%%
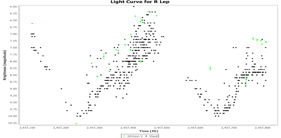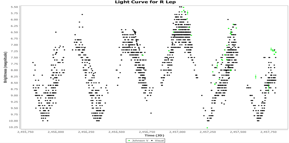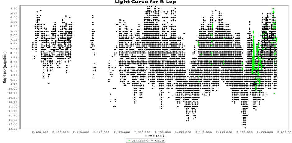 It's spectral class is C7 according to the VSX and is classified as a Mira. The GCVS lists R Lep as having a visual magnitude range of 5.5 to 11.7 with a period of 427.07 days. However the GCVS does note that there have been changes in the star’s period. Up until 1891, the GCVS states that the period was 436.44 days, between 1891 and 1921 it was shorter at 418.04 days, between 1921 and 1957, it increased to 441.38 days and since 1957 it’s period has been at the quoted duration of 427.07 days. Analysis of all AID data using VStar in the period 1853 to the present day indicates an overall mean period of 436.7 days.
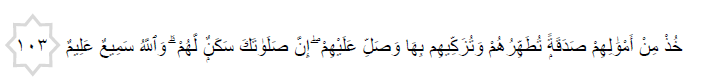 “Ambilah (sebahagian) dari harta mereka menjadi sedekah (zakat), supaya dengannya engkau membersihkan mereka (dari dosa) dan mensucikan mereka (dari akhlak yang buruk); dan doakanlah untuk mereka, kerana sesungguhnya doamu itu menjadi ketenteraman bagi mereka. Dan (ingatlah) Allah Maha Mendengar, lagi Maha Mengetahui.”
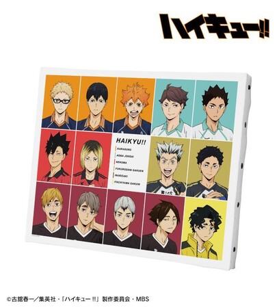 日向翔陽、影山飛雄、月島蛍、及川徹、岩泉一、黒尾鉄朗、孤爪研磨、木兎光太郎、赤葦京治、宮侑、宮治、北信介、角名倫太郎、佐久早聖臣のユニフォーム姿、日向翔陽、影山飛雄、月島蛍、及川徹、岩泉一、黒尾鉄朗、孤爪研磨、木兎光太郎、赤葦京治のセカンドユニフォーム姿のイラストをキャンバスボードに仕上げました。
%%
=== Directions ===
Return all the material exactly, pictures excluded.

=== Response area ===
 It's spectral class is C7 according to the VSX and is classified as a Mira. The GCVS lists R Lep as having a visual magnitude range of 5.5 to 11.7 with a period of 427.07 days. However the GCVS does note that there have been changes in the star’s period. Up until 1891, the GCVS states that the period was 436.44 days, between 1891 and 1921 it was shorter at 418.04 days, between 1921 and 1957, it increased to 441.38 days and since 1957 it’s period has been at the quoted duration of 427.07 days. Analysis of all AID data using VStar in the period 1853 to the present day indicates an overall mean period of 436.7 days.
 “Ambilah (sebahagian) dari harta mereka menjadi sedekah (zakat), supaya dengannya engkau membersihkan mereka (dari dosa) dan mensucikan mereka (dari akhlak yang buruk); dan doakanlah untuk mereka, kerana sesungguhnya doamu itu menjadi ketenteraman bagi mereka. Dan (ingatlah) Allah Maha Mendengar, lagi Maha Mengetahui.”
 日向翔陽、影山飛雄、月島蛍、及川徹、岩泉一、黒尾鉄朗、孤爪研磨、木兎光太郎、赤葦京治、宮侑、宮治、北信介、角名倫太郎、佐久早聖臣のユニフォーム姿、日向翔陽、影山飛雄、月島蛍、及川徹、岩泉一、黒尾鉄朗、孤爪研磨、木兎光太郎、赤葦京治のセカンドユニフォーム姿のイラストをキャンバスボードに仕上げました。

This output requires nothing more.